Word has reached us that someone said the unthinkable: “You are not special.”
Those are the words made famous last month by a straight-talking English teacher during a commencement speech for graduates of Wellesley High School in Massachusetts.
We believe the speaker wants students to pursue worthy endeavors, rather than live in unearned celebration of self.
“Yes, you’ve been pampered, cosseted, doted upon, helmeted, bubble-wrapped,” said David McCullough Jr., the son of Pulitzer prize-winning historian David McCullough. “Yes, capable adults with other things to do have held [auth] you, kissed you, fed you, wiped your mouth, wiped your bottom, trained you, taught you, tutored you, coached you, listened to you, counseled you, encouraged you, consoled you and encouraged you again. You’ve been nudged, cajoled, wheedled and implored. You’ve been feted and fawned over and called sweetie pie. … But do not get the idea you’re anything special. Because you’re not.”
After his speech, McCullough explained that he wanted to spare teenagers the disservice of sending them into the world with an “inflated sense of themselves.” He wanted them to realize that society will not continue to revolve around them for no particular reason.
Teenagers used to help with family businesses and farms. It was clear they were subordinate to adults. Today’s adults often come across as servants of children.
In a properly ordered society, we don’t honor and reward the mere existence of young adults. Instead, we honor and reward merit. We reward those who produce more than they consume, maintaining no more than a safety net for able-bodied individuals who consume more than they produce.

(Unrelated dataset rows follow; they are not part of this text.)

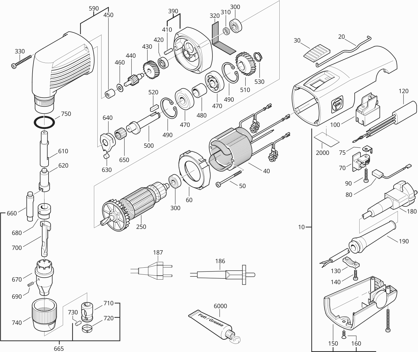Here you will find all available parts and drawings of the 'Fein 72322900233 ( BLK2.0 )'. From here you can order all desired parts directly. Many parts must be ordered from the manufacturer, depending on the brand, this takes one to four weeks. All the information we have is on our website, we cannot advise you on what you need, for that you will need to return the machine for repair. Please note the following when ordering:
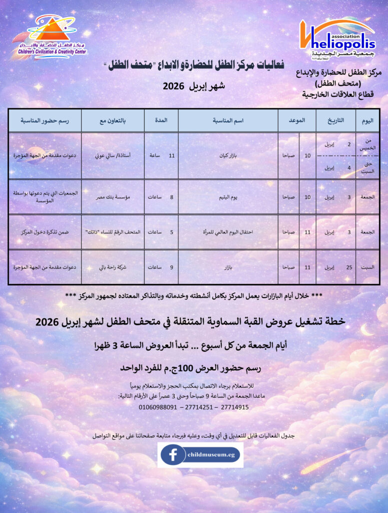افتُتح متحف الطفل في 30 مايو 1996 ليمنح الأطفال معرفة متكاملة عن مصر من خلال التفاعل مع البيئة المحيطة. وفي عام 2008 تم تطويره ليتماشى مع التطور التكنولوجي في المتاحف.
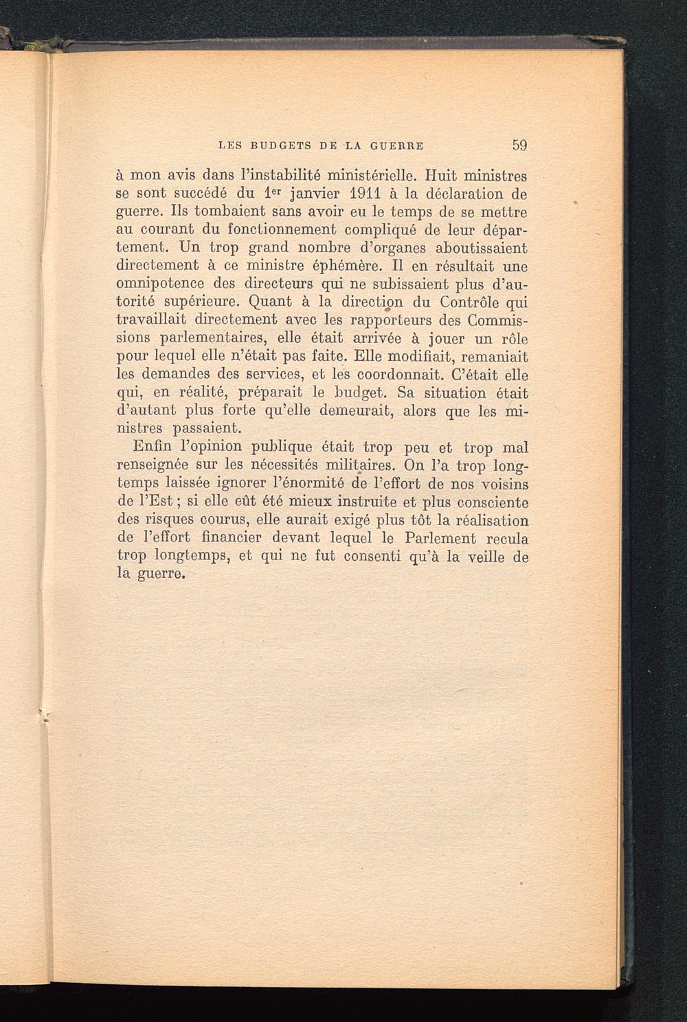 à mon avis dans l’instabilité ministérielle. Huit ministresse sont succédé du 1 er janvier 1911 à la déclaration deguerre. Ils tombaient sans avoir eu le temps de se mettreau courant du fonctionnement compliqué de leur dépar-tement. Un trop grand nombre d’organes aboutissaientdirectement à ce ministre éphémère. Il en résultait uneomnipotence des directeurs qui ne subissaient plus d’au-torité supérieure. Quant à la direction du Contrôle quitravaillait directement avec les rapporteurs des Commis-sions parlementaires, elle était arrivée à jouer un rôlepour lequel elle n’était pas faite. Elle modifiait, remaniaitles demandes des services, et les coordonnait. C’était ellequi, en réalité, préparait le budget. Sa situation étaitd’autant plus forte qu’elle demeurait, alors que les mi-nistres passaient.

Maybe a few successful, educated adults are starting to realize that our entitlement society of make-believe free health care and unearned abundance has crafted a generation of brats. McCullough wasn’t the only speaker to give an edgy commencement speech this spring.
“The fact that you are receiving a diploma from one of America’s finest institutions of higher learning does not mean you are educated,” said Jim Lehrer, a longtime PBS anchor, while addressing graduates of William and Mary College.
Hollywood director Aaron Sorkin wanted graduates of Syracuse University to know they hadn’t accomplished much.
“You’re a group of incredibly well-educated dumb people. I was there. We all were there. You are barely functional,” Sorkin told new graduates.
To God, we are special and equal at the same time. Among fellow mortals, our special status must be based on what we create for the health and welfare of society — the fruits of our lives. In that context, the special among us should be those who produce more than they receive.